Le escuché una vez a un reputado filósofo decir que estaba mucho más orgulloso de lo que había leído que de lo que había escrito y, salvando las distancias, a mí me pasa algo parecido. Después de miles de artículos, la inmensa mayoría en «Es Diari», algunos en «El País», y más de media docena de libros, suelo sentir cierto sofoco cuando releo alguna de esas aportaciones, por su escasa enjundia. Otras veces al revisar alguna de ellas suelo musitar uno de estos autoindulgentes psché, este no está tan mal. «Tener algo que decir y decirlo bien», es la clave, me digo rememorando un seminario sobre periodismo que impartimos Bosco Marquès, Juan Luis Hernández y el abajo firmante en el Ateneo…
Pero, a estas alturas, y entre la danza de currículums, aranceles y andanzas de cerdanes y montoros ¿tengo realmente algo que decir ¿y sabría decirlo sin repetirme después de tantos años dando la tabarra?
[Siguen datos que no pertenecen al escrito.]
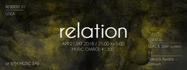 双子djユニットUSEAがレジデントを務めるハウス,テクノパーティ ”relation”。

Con rigor y humor sería otra premisa, pero no es fácil tomarse a chacota el devenir de la era Trump, aunque en verano el tono crítico suele aligerarse. Incluso los trumpistas locales parecen más calmados y me preguntan por mi pelambrera torácico-dorsal, en vez de cuándo le empezará el rigor mortis al presidente del Gobierno que es lo que esperan con llamativa ansiedad.
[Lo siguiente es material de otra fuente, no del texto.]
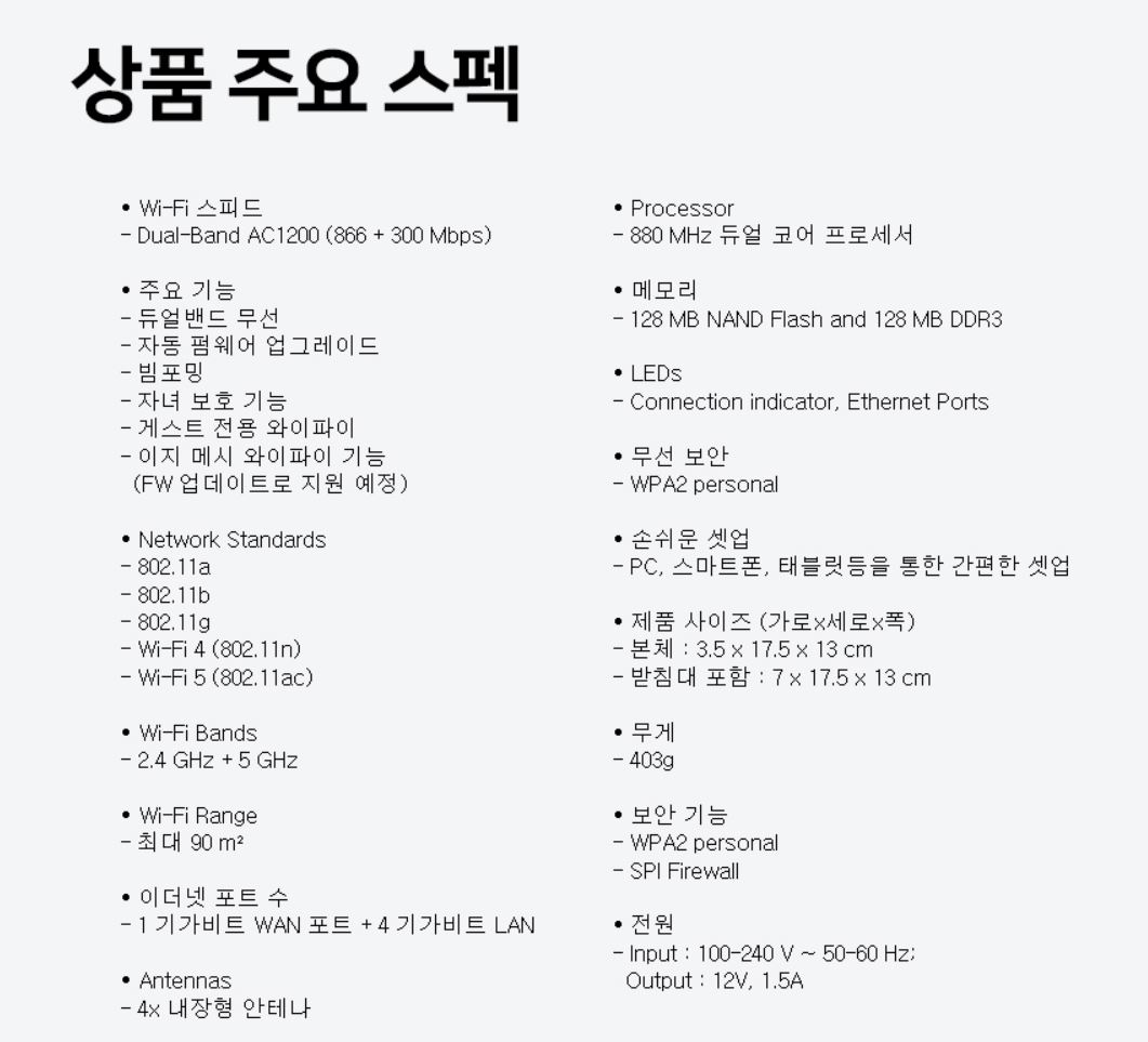 - 포트 : 기가비트WAN x 1, 기가비트LAN x 4

Pero convengamos en que ya he tenido la idea. Por ejemplo, me gustaría contar el periplo sentimental del escribidor desde que pulsa el «enviar» del teclado, y el artículo deja de ser tuyo, mientras avistas un mar turbulento de reacciones. El usufructuario de un tórax peludo como el mío debería tener la determinación de agarrar la Verdad por los cataplines (con mayúsculas, en boca de los patriotas que lo tienen todo clarísimo) y restregarla por la cara de los no convencidos, sin hacer caso del dictamen de Antonio Machado «¿Tu verdad?, no, la verdad; y ven conmigo a buscarla. La tuya, guárdatela». En fin, que me estoy saliendo de los parámetros del articulismo agosteño y no era mi intención.
Lo que pretendía es meterme en las tripas del opinador (no profesional, pero sí contumaz) a partir de la pulsación del «enviar» del artículo al director del periódico. Decía que entonces ya deja de ser tu artículo y no cabe esperar más que su publicación. El día de marras, lo primero que miras cuando abres «Es Diari» es si has cometido alguna errata grosera, especialmente de tipo ortográfico, una repetición indeseada, algún adjetivo de más, alguna castellanada del tipo «¿Ustedes que gritan por la mañana?», en referencia a la legendaria pregunta formulada en un hotel madrileño por la esposa de un popular político menorquín, que en realidad quería saber si «llamaban» por la mañana para despertar a la clientela…
Después viene la fase de los antaño llamados «duendes de imprenta», la búsqueda de errores atribuibles a la confección del periódico. En este capítulo es mítica la metida de pata (hablamos de la época del nacionalcatolicismo más rancio y de las linotipias más complicadas) de un operario de «Es Diari» que se equivocó en la selección de una sola letra con tan mala fortuna de coincidir el error con el día de la Purísima Concepción, con lo que el cambio de «Purísima» por un sonoro exabrupto quedó de lo más escandaloso… Cuenta la leyenda que el infortunado operario acabó con sus huesos en Comisaría…
El otro día (sábado 2 de agosto) en mi artículo «Un tipo raro» me tocó la china con el salto a la nube de todas las cursivas que, sobre todo, suelo utilizar (quizá demasiado, lo sé), para enfatizar un doble sentido, una ironía, un modismo autóctono, que también se evaporó alguno. Uno de los saltos me resultó especialmente chirriante porque la cursiva era imprescindible para resaltar la sutil ironía del escritor Mark Twain al desmentir la noticia de su propia muerte que había propalado un periódico de raigambre.
«La noticia de mi muerte es exagerada», escribió. Otros le atribuyen el calificativo de prematura, que me parece incluso más ingenioso. En ambos casos, las cursivas eran imprescindibles. Snif.
PS.-1 ¡Cuánto duele la marcha de Ignasi Mascaró! Irónico, bienhumorado, preñado siempre de alta cultura, nos relacionábamos esporádicamente vía correo electrónico y en el teclado quedaba siempre, indeleble, su taimada sonrisa.
PS.-2 La última fase del articulista es el de la posible repercusión de su escrito. A veces te reconforta algún comentario. Gracias por el tuyo, Isabel.